Print out the full material below, exact in every line, with no images included.

INFORMATION SUPPLIED:
BEGIN
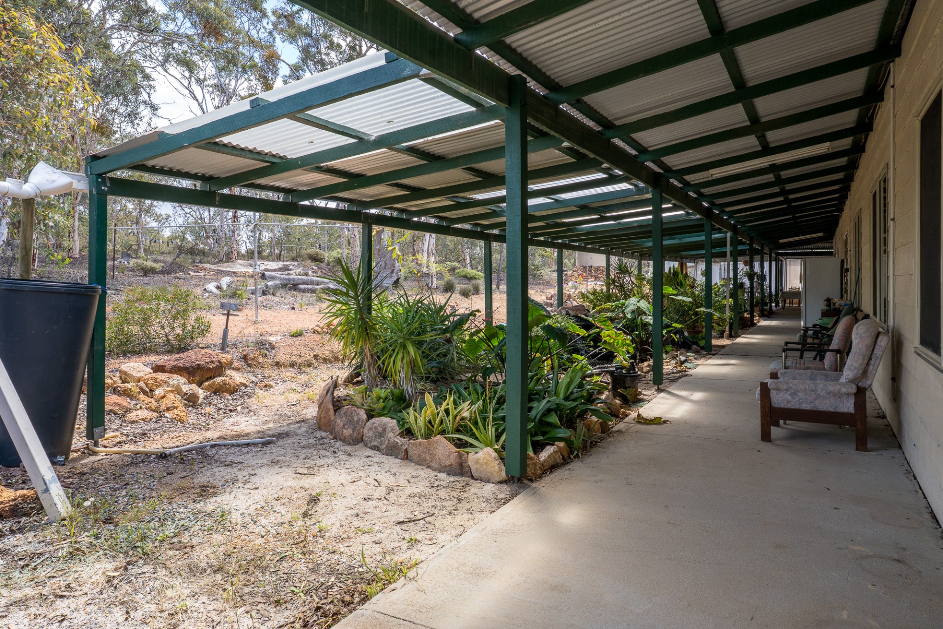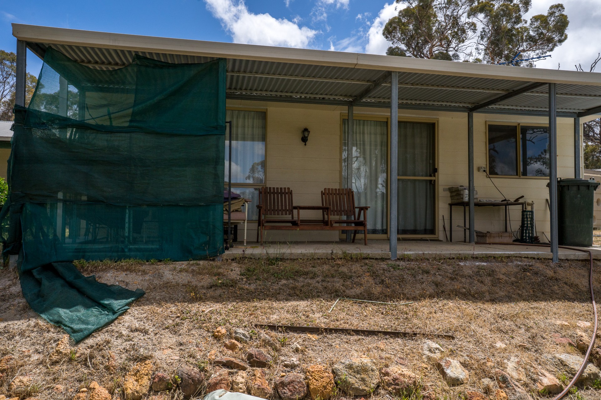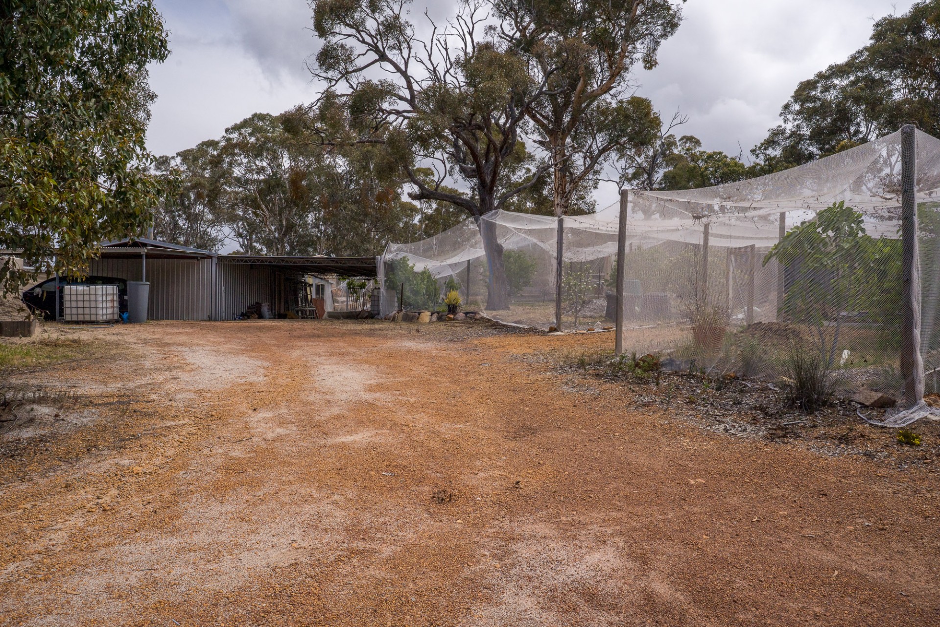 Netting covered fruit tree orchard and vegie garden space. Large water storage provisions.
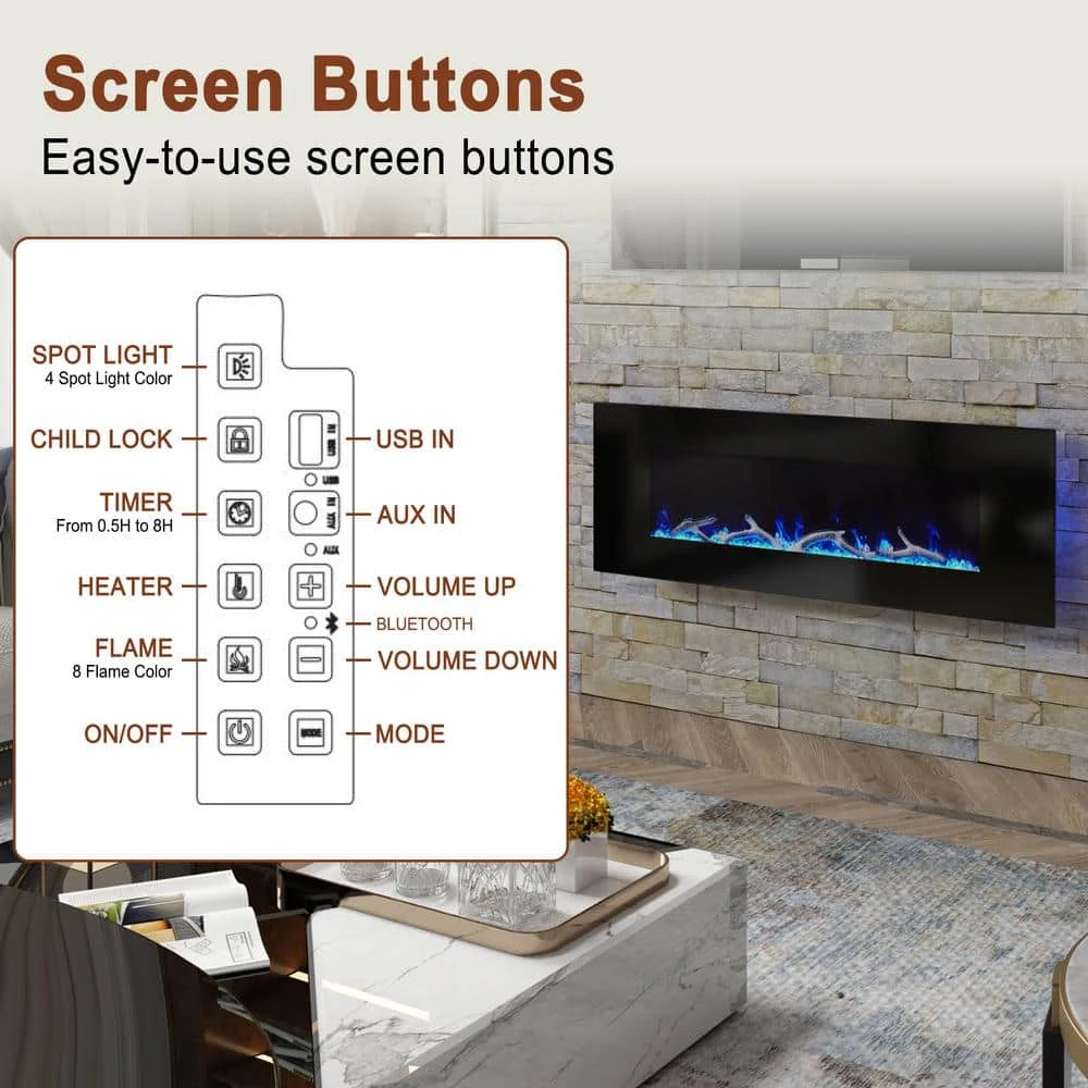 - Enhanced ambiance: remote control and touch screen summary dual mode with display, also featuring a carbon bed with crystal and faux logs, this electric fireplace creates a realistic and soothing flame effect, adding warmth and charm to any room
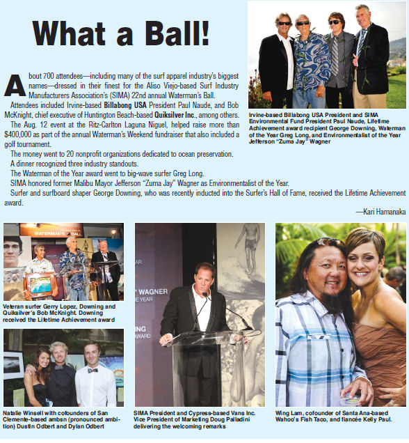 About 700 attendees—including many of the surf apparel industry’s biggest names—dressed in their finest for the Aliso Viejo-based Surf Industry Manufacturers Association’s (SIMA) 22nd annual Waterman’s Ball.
END
ANSWER TO THIS EXERCISE:
 Netting covered fruit tree orchard and vegie garden space. Large water storage provisions.
 - Enhanced ambiance: remote control and touch screen summary dual mode with display, also featuring a carbon bed with crystal and faux logs, this electric fireplace creates a realistic and soothing flame effect, adding warmth and charm to any room
 About 700 attendees—including many of the surf apparel industry’s biggest names—dressed in their finest for the Aliso Viejo-based Surf Industry Manufacturers Association’s (SIMA) 22nd annual Waterman’s Ball.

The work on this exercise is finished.